**Records supplied:**
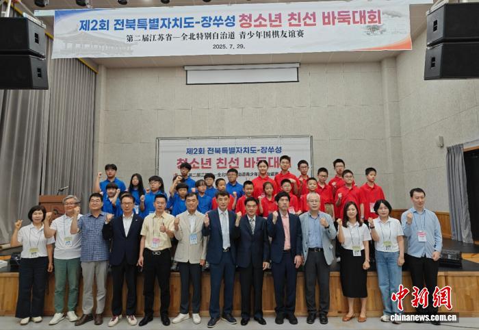 中新网首尔7月30日电 (记者 刘旭)中新网记者30日自中国驻光州总领事馆获悉,第二届江苏省—全北特别自治道青少年围棋友谊赛29日在韩国全州市举行,中国驻光州总领事顾景奇出席并致辞。江苏棋院副院长吴佳明、全北国际关系大使李光镐、全北围棋协会会长李元得、韩国著名围棋选手李昌镐,以及来自两地的20余名青少年选手参加。
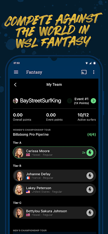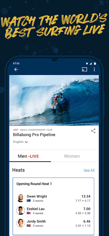 Tune into live broadcasts of Championship Tour, Big Wave, and Challenger Series events anytime, anywhere, completely free.
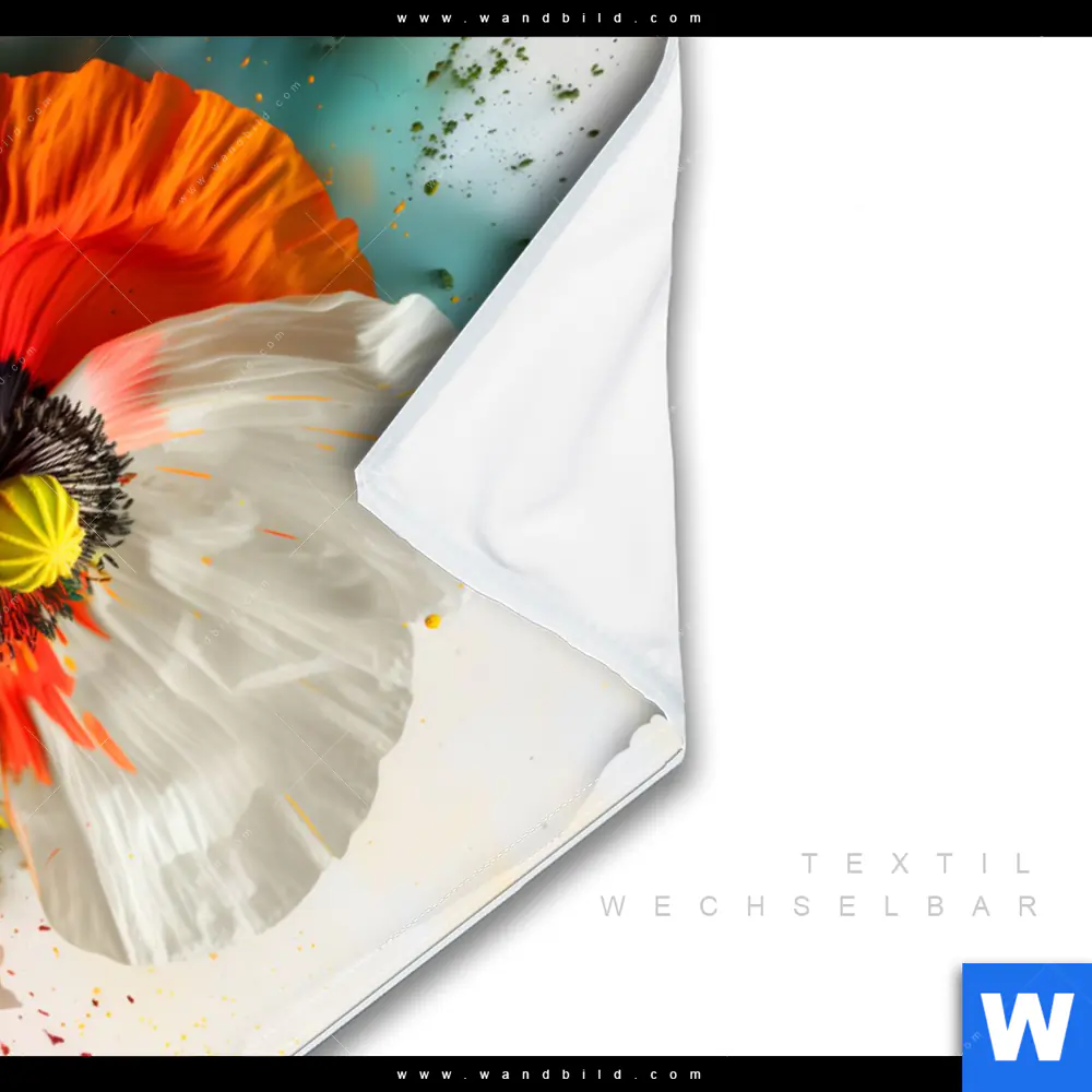 Wechselmotiv Textil | Mohnblume im Farbnebel | Hochformat
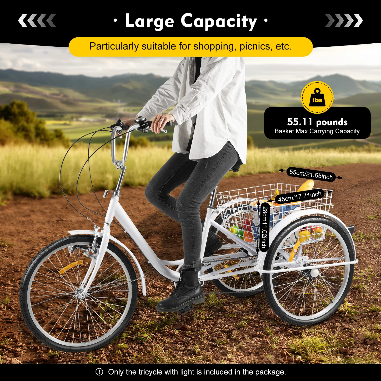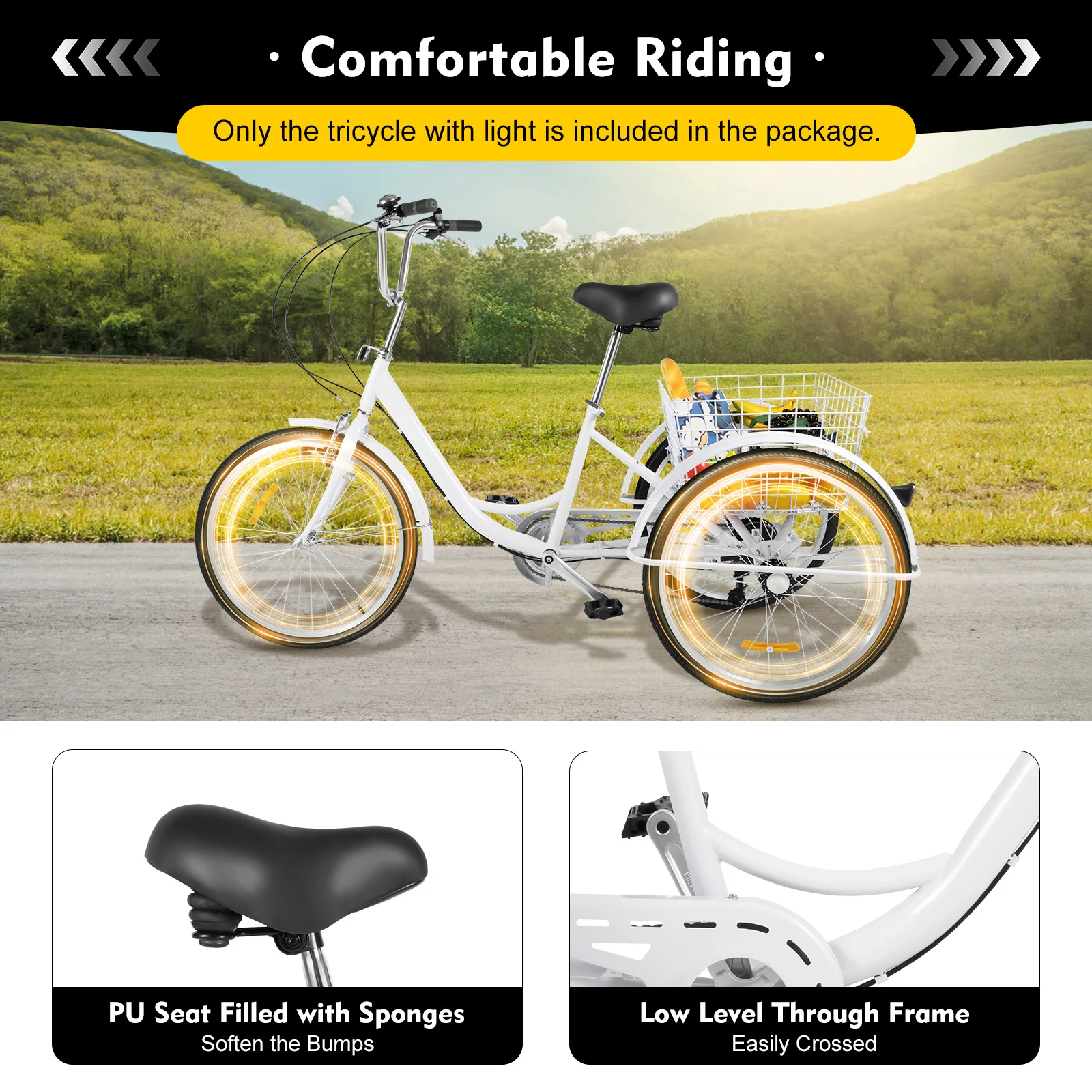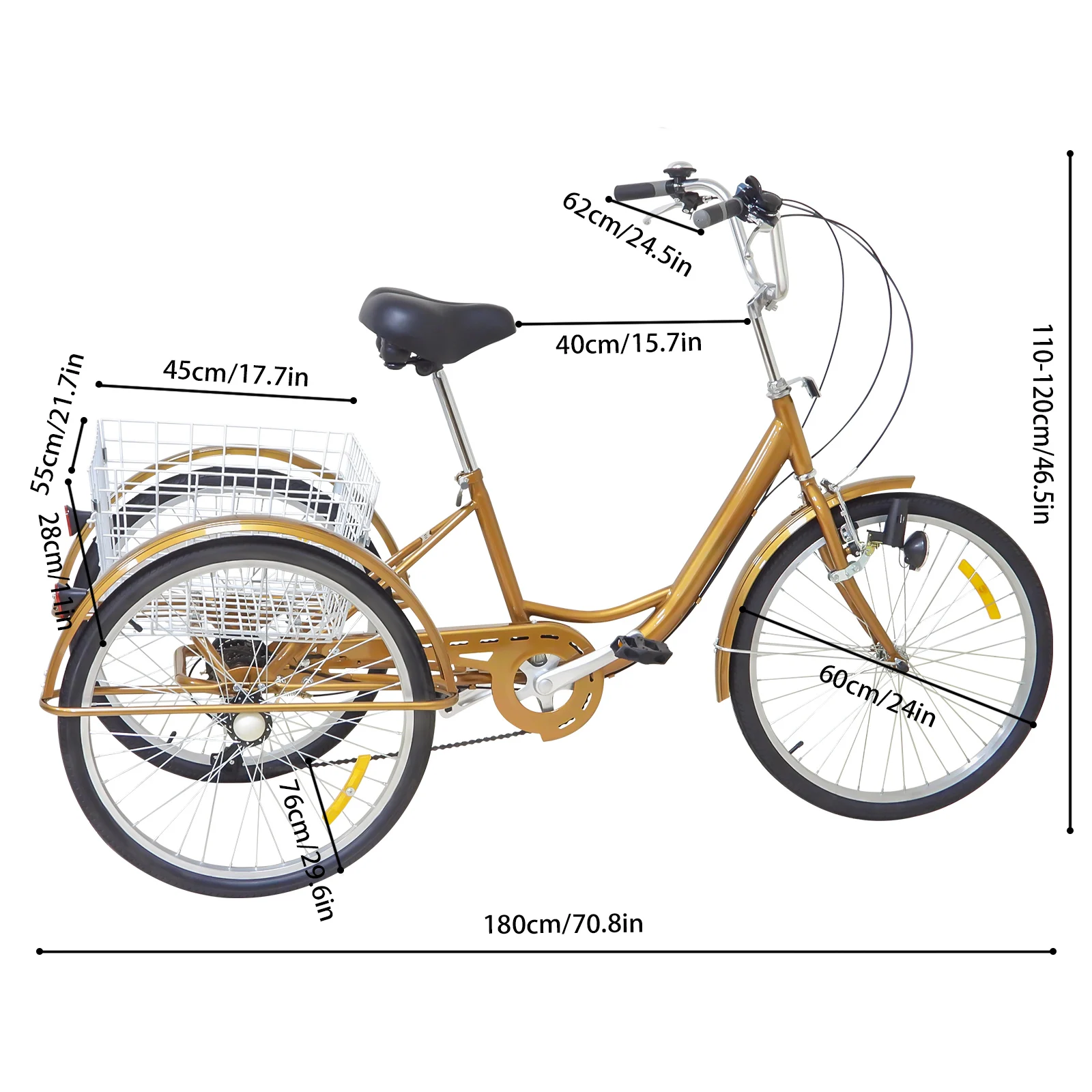 Convenient to Use: This adult tricycle is not only convenient for you to travel healthily and safely, but it also has a basket at the back so that you can carry more things after shopping.
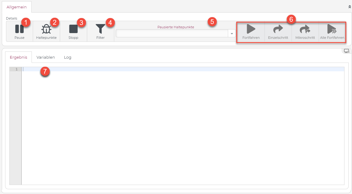 Starting from the last state from example 1, the individual loop passes can now be analyzed with the 'Resume' function in the debugger (6).
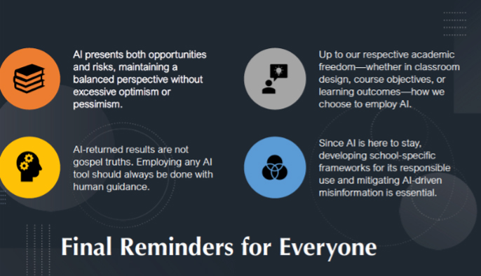 Dr. Pugoy concluded that AI is here to stay, making school-specific AI frameworks and policies essential.

**Work task:**
Every line of the material must be returned verbatim, and pictures must be left behind.

**Output below:**
 中新网首尔7月30日电 (记者 刘旭)中新网记者30日自中国驻光州总领事馆获悉,第二届江苏省—全北特别自治道青少年围棋友谊赛29日在韩国全州市举行,中国驻光州总领事顾景奇出席并致辞。江苏棋院副院长吴佳明、全北国际关系大使李光镐、全北围棋协会会长李元得、韩国著名围棋选手李昌镐,以及来自两地的20余名青少年选手参加。
 Tune into live broadcasts of Championship Tour, Big Wave, and Challenger Series events anytime, anywhere, completely free.
 Wechselmotiv Textil | Mohnblume im Farbnebel | Hochformat
 Convenient to Use: This adult tricycle is not only convenient for you to travel healthily and safely, but it also has a basket at the back so that you can carry more things after shopping.
 Starting from the last state from example 1, the individual loop passes can now be analyzed with the 'Resume' function in the debugger (6).
 Dr. Pugoy concluded that AI is here to stay, making school-specific AI frameworks and policies essential.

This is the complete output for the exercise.